Мухалатов лениво потянулся.

— Не понимаю, Сашка, чего ты пошел в бухгалтера. Тебе бы — в дипломаты! Но я верю, верю. Хотя и языком дипломата, но ты сказал от души. На генеральный твой вопрос я тебе не отвечу. Пока. А там будет видно. Или сам сообразишь, что значит мое «но». Или у меня возникнет потребность объясниться. — Он опять зевнул. — Заговорили мы о ресторанах, выпивке, и вот, по ассоциации идей, какая в памяти у меня всплыла легенда. В одном из древнейших греческих городов — Аргосе, кажется — в свое время был поставлен памятник ослу. Эта глупейшая скотина однажды изгрызла, общипала у своего хозяина лучшую виноградную лозу. Осла, понятно, хозяин вздул. А люди потом приметили, что на следующий год именно эта лоза дала самые крупные ягоды. И тогда виноградари стали обрезать лозы. И получать великолепные урожаи. Так и до сих пор. Ты понимаешь, насколько справедливыми оказались те люди — они не забыли осла! Они не присвоили себе его открытия.

— Легенда, эта имеет значение и в нашем разговоре?

— Пожалуй, нет. А впрочем… Все дело в том, что осталась только легенда. Сам памятник давно уже обратился в пыль.

— И ты намерен хлопотать, чтобы его восстановили?

— Пожалуй, да. Хоть и глупо. Чрезвычайно глупо. Осел ведь не сделал никакого открытия, он просто нажрался вкусных зеленых побегов. Открытие сделал человек, который первым заметил полезный результат ослиной шкоды. Ему бы памятник! Да вот беда — имя этого человека не донесла история.

— Ты сам себе противоречишь, Володя. Всего минуту назад ты стоял решительно на стороне осла.

— С позиции времени, Саша! — наставительно и уже совершенно серьезным тоном сказал Мухалатов. — Все следует оценивать исключительно с позиции времени. Ослов, людей. И их поступки. А время исчисляется не только веками, но и секундами.

Сияя желтыми огнями, по реке проплыл грузовой теплоход. Вода клокотала, билась у него под винтами так сильно, что Маринич не смог уловить дальнейших слов Мухалатова. Глухая пауза продлилась несколько минут. Найдя неизвестно какой логический переход, а может быть, как и вообще в этот вечер, совсем не считаясь с логикой, Владимир теперь говорил о другом:

— …Когда я женюсь и обрасту семейством, воспитывать своих детей я стану иначе. Мы много рассуждаем о познании ими правды жизни, а эту правду наши дети все равно узнают для себя неожиданно, приносят с улицы. Они бывают оглушены такой, в противовес родительским сентенциям открывшейся правдой. У них в сознании все перевертывается вверх дном! Кумиры, в том числе родительский авторитет, падают и разбиваются в прах, а всяческая муть, по закону коромысла, тогда взлетает к облакам. При такой катастрофе прежде всего страдают сами родители. Им приходится расплачиваться за это наиболее высокой ценой — потерей к себе доверия, уважения. И вот бесчисленные драмы.

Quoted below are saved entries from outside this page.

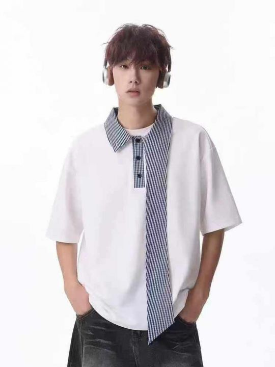 全清6.8 「航海系」迈特优领口拼接短袖男女同款夏季设计感宽松休闲情侣...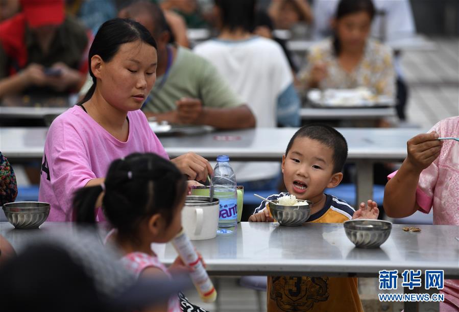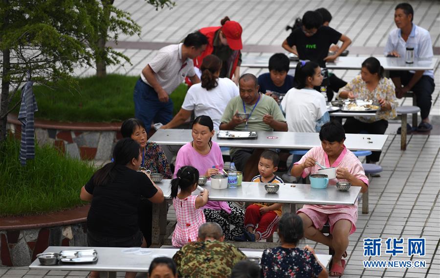 7月14日,在宿松縣洲頭鄉(xiāng)中心小學(xué)集中安置點(diǎn),洲頭鄉(xiāng)泗洲村的村民在吃晚餐。近日,安徽省宿松縣洲頭鄉(xiāng)泗洲村的300多名村民因洪水被轉(zhuǎn)移到該鄉(xiāng)中心小學(xué)集中安置點(diǎn)。安置點(diǎn)工作人員、志愿者利用學(xué)校食堂為村民們烹飪飯菜,讓村民們?cè)诎仓命c(diǎn)吃上熱騰騰的三餐。新華社記者 劉軍喜 攝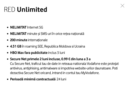 În aceşti bani primiţi internet naţional 5G nelimitat, minute şi SMS-uri naţionale şi în roaming SEE nelimitate, 200 de minute internaţionale, 4.51 GB internet în roaming SEE, HBO Max fără publicitate inclus 3 luni şi Secure Net inclus 2 luni.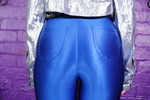 Miss Abigail, wearing blue disco pants, a shimmery silvery top and shimmery shirt, worn open, with very cute colourful ankle boots, over a black bra and panties set.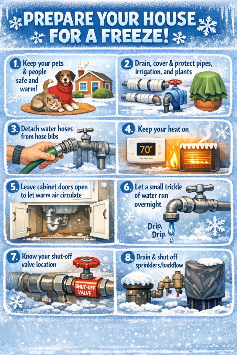 Everyone should by now be aware of the potential severe winter weather coming this weekend. This is just another reminder to prepare your home before the freezing temperatures arrive. Also be sure to drip your faucets anytime the temperatures go below 32 degrees. It is looking like we will not go above freezing all day Sunday. Please continue to monitor the weather and do what you can to prevent your pipes from freezing. If you do have a pipe burst and cannot locate your shut off valve, please call our on call team and they will come out and turn off your meter. 409-745-4882.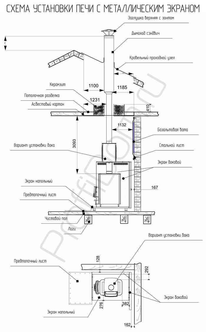 - пол перед дверцей покрывают стальным листом от 50х70 см. Длинной линией вдоль печки. Вокруг – стальной лист по асбестокартону на 150 мм больше габаритов корпуса;
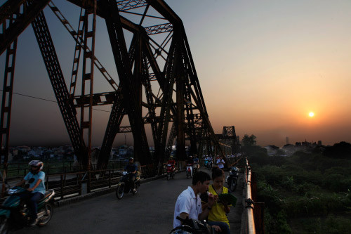 Mỗi buổi chiều, nhiều người lại phóng xe lên cầu Long Biên ngắm mặt trời lặn...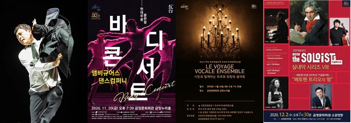 부산시 지정 전문예술단체 ‘르보야즈보칼레앙상블’이 준비한 ‘시민과 함께하는 위로와 희망의 음악회’가 11월 24일 금정문화회관 대공연장에서 펼쳐지며, 올해로 17년의 역사를 자랑하는 금정문화회관의 대표 음악 프로그램 '금정수요음악회'가 11월, 12월 새롭게 리모델링된 소공연장(은빛샘홀)에서 선보여진다.

— А я что-то не наблюдал таких ужасных последствий, — сказал Александр. — Мы с мамой отлично понимаем друг друга.

— Ты еще не совсем новое, жадно ищущее истину поколение, — с прежней назидательностью отозвался Мухалатов. — И ты и я — мы оба еще воспитывались в обстановке мягкой, но непреклонной муштры. Речь идет о тех, кому надлежит думать самостоятельно, не дожидаясь кончины своих наставников и опекунов.

— Туманно что-то, Володя. Смена поколений, на мой взгляд, всегда происходит приблизительно одинаково, и никогда при этом не бывает никаких особых катастроф.

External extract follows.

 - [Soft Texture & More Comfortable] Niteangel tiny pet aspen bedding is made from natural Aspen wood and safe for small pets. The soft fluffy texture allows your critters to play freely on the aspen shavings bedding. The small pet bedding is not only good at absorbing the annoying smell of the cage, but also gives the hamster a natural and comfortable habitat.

— А было ли когда-нибудь еще в истории человечества, чтобы люди так жадно тянулись к правде? Любой — радостной, горькой. Ничто так не принижает, как ложь. Но увы, из всех живых существ, кажется, только человек и обладает этим мерзостным качеством.

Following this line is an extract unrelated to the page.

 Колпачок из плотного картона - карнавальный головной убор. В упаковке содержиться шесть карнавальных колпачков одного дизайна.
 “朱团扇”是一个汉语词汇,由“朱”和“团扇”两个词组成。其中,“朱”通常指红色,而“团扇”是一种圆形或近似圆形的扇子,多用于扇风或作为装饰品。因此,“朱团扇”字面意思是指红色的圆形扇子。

— Не знаю, Володя, в звериной шкуре я не бывал, хотя, мне думается, звери по-своему тоже хитрят иногда и обманывают друг друга. То есть, иными словами, лгут. А человек велик уже тем, что способен отличать злую неправду от доброй неправды и бороться с неправдой злой.

Мухалатов торжествующе, победительно рассмеялся. Притянул к себе зеленую веточку, подержал и отпустил, прислушиваясь, как она пружинисто ударила по густой листве.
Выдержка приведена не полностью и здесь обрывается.